→ WHAT IS REQUIRED
Please repeat the lines below, exactly and only, from the one that holds "Wall Mount Toilet" through the one that holds "Sunday, 9/21/14 1-5".

→ DATA EXTRACT
....
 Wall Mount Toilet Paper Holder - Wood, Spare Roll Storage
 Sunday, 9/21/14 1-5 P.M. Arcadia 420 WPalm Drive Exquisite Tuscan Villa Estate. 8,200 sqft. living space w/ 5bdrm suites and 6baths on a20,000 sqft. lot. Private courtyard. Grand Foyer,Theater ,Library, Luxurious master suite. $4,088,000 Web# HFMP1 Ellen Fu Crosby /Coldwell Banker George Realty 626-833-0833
....
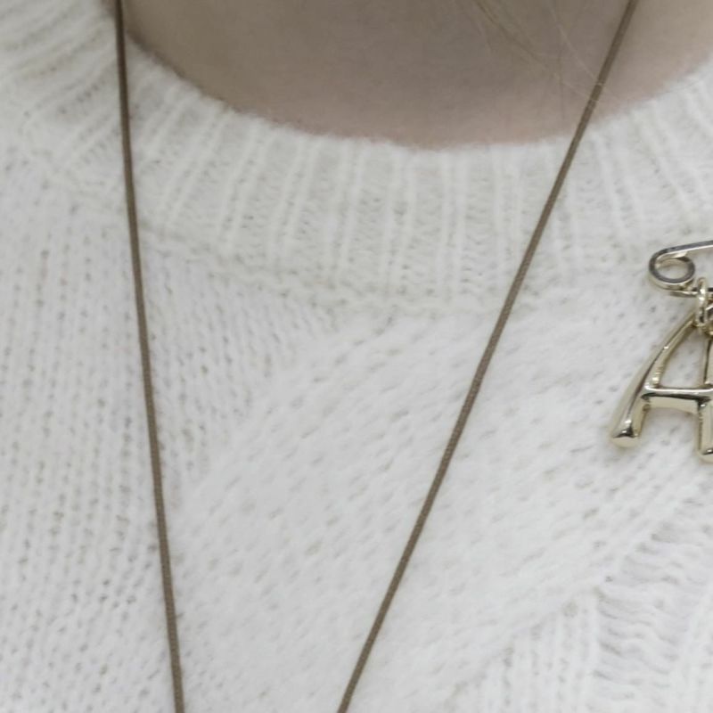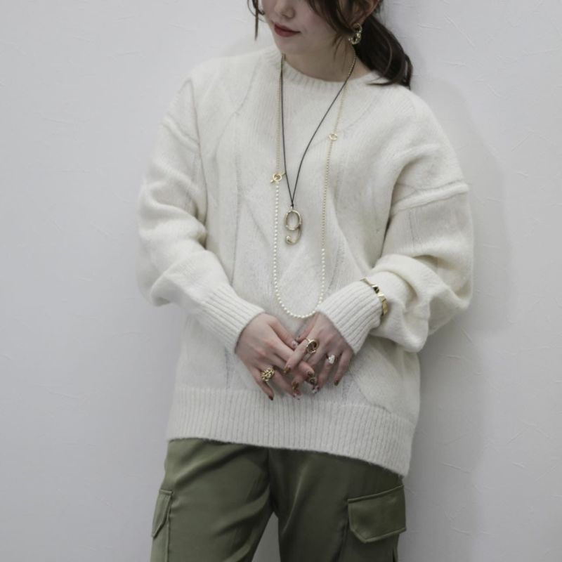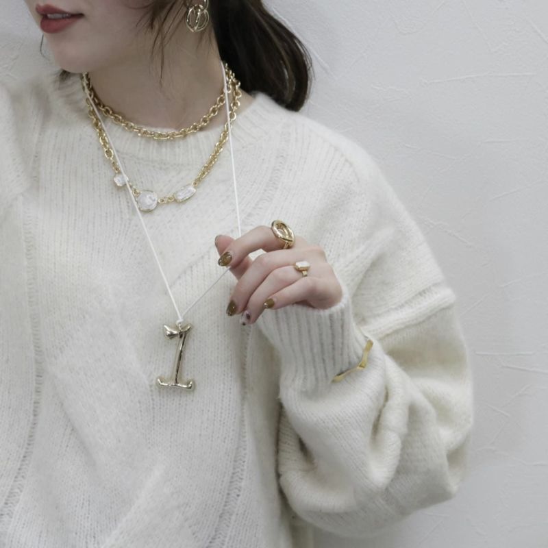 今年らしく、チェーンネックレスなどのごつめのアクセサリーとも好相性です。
....
→ SOLUTION TO THIS TASK
 Wall Mount Toilet Paper Holder - Wood, Spare Roll Storage
 Sunday, 9/21/14 1-5 P.M. Arcadia 420 WPalm Drive Exquisite Tuscan Villa Estate. 8,200 sqft. living space w/ 5bdrm suites and 6baths on a20,000 sqft. lot. Private courtyard. Grand Foyer,Theater ,Library, Luxurious master suite. $4,088,000 Web# HFMP1 Ellen Fu Crosby /Coldwell Banker George Realty 626-833-0833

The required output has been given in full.